Later in life, I tried my hand at acting and even had the chance to hang around Hollywood movie sets a few times, waiting to deliver a handful of not-very-memorable lines to the likes of James Coburn and Harry Hamlin. That career came and went, but I never lost my interest and passion for a well-written, well-acted script. My wife and I even followed my parent's example, bringing my daughter in her pajamas to the old Bel Air Drive-In outside of Baltimore in an attempt to see films like Bull Durham (and having about as much success with her falling asleep as my parents had with me).

To this day, I still love the Oscars and I try my best to see all the nominated films every year prior to the awards ceremony, which is becoming quite the assignment now that they nominate ten pictures. Along the way, my kids have picked-up on this habit and as they've gotten older, we've been able to get into some nice conversations about great films, the not-so-great, and which are our favorites. I feel sorry for guys who date my daughter with only the Friday night slasher movies on their resumes; she forces them to watch the classics, from Casablanca and It's a Wonderful Life to more modern fare like Forrest Gump and all six Star Wars epics. The come away from the experience beaten and subdued.

Getting kids into movies at an early age is easy. Matinees are inexpensive and built for kids. I'd recommend sticking with films from companies like Disney, though, whose products are generally better reviewed. There's no sense in suffering through garbage for your kid's sake. As they get older, it's up to you to decide what parameters to follow. We try to use the MPAA rating system as much as possible, or we at least wait until a more adult-themed film is out on Pay-Per-View before we let the younger kids get a look at it (so that we can tell them to bury their head in the couch when something undesirable is coming-up). My older kids swear we're a lot less intense about this with our third child than we were with them, and they're probably right!

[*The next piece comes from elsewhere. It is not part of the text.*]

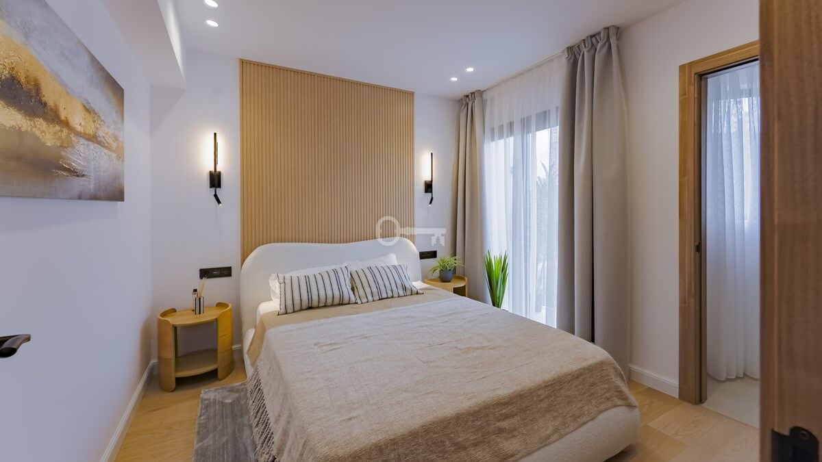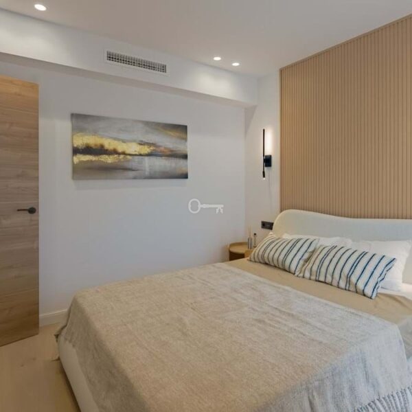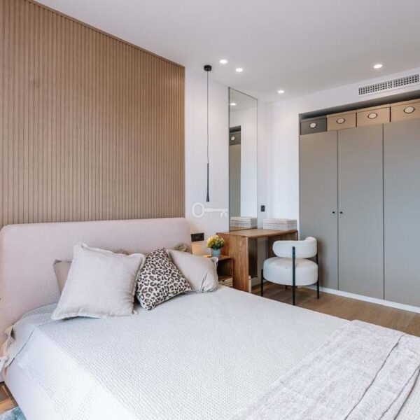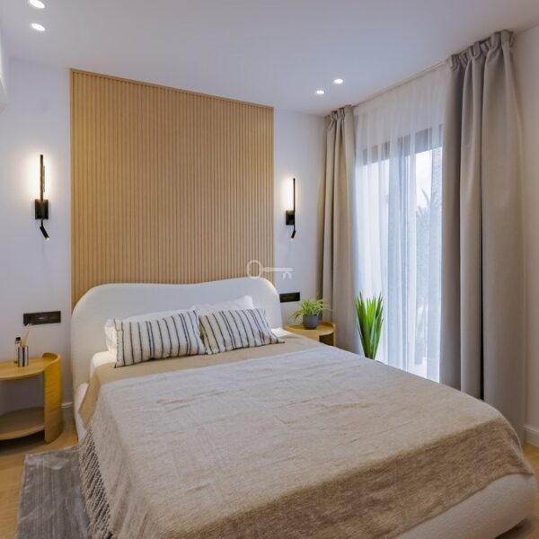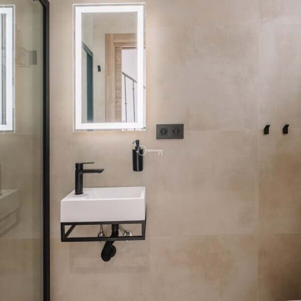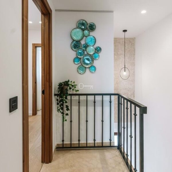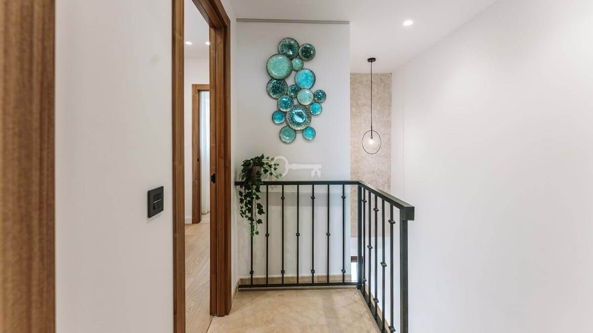 Recently renovated, the townhouse combines traditional Andalusian architectural elements with contemporary interior finishes. The main living level integrates an open-plan kitchen and reception area with floor-to-ceiling sliding glass doors connecting directly to the terrace. The kitchen is equipped with Siemens appliances, and oak flooring runs throughout the principal areas. The layout comprises three bedrooms and three bathrooms distributed across levels to maintain separation between living and sleeping zones. Air conditioning is installed throughout. A private garage with rear storage space is included.

But in the months prior to their 13th birthdays, I built each of the kids up, telling them that not only were they becoming teenagers, they were going to be old enough to go to PG-13 movies with me! And away we've gone. My daughter is probably the most into this, which has worked out very well. An avid fan of film and history, she has no qualms with almost any subject matter, and has been interested in seeing films like The Pianist and Saving Private Ryan, which my wife has started avoiding as she's gotten older, having seen enough film violence for one life time. My daughter and sons also are more willing to check out the big productions like Avatar and The Lord of the Rings, which means I get to see those now, too.

The family also has a few favorite DVDs that we all watch, huddled together on the sectional sofa, which has become a nice chance for some mutual laughter and horsing around. What's Up Doc, Funny Farm and Young Frankenstein are included in this list. I'm pretty sure a family that laughs together is generally happier in each other's company, and movies provide plenty of opportunities for this. We also enjoy the big spectacles like King Kong or Titanic (although the 13-year-old is still ordered to hit the couch cushions on occasion for that last one).

Movies can offer some uncomfortable moments for families, given the wide range of subject matter involved, and each parent has to chart their own path for their kids. But in general, for a shared family night at home, or a parent-kid night out, movies offer a pretty attractive option. Just like they did for my parents.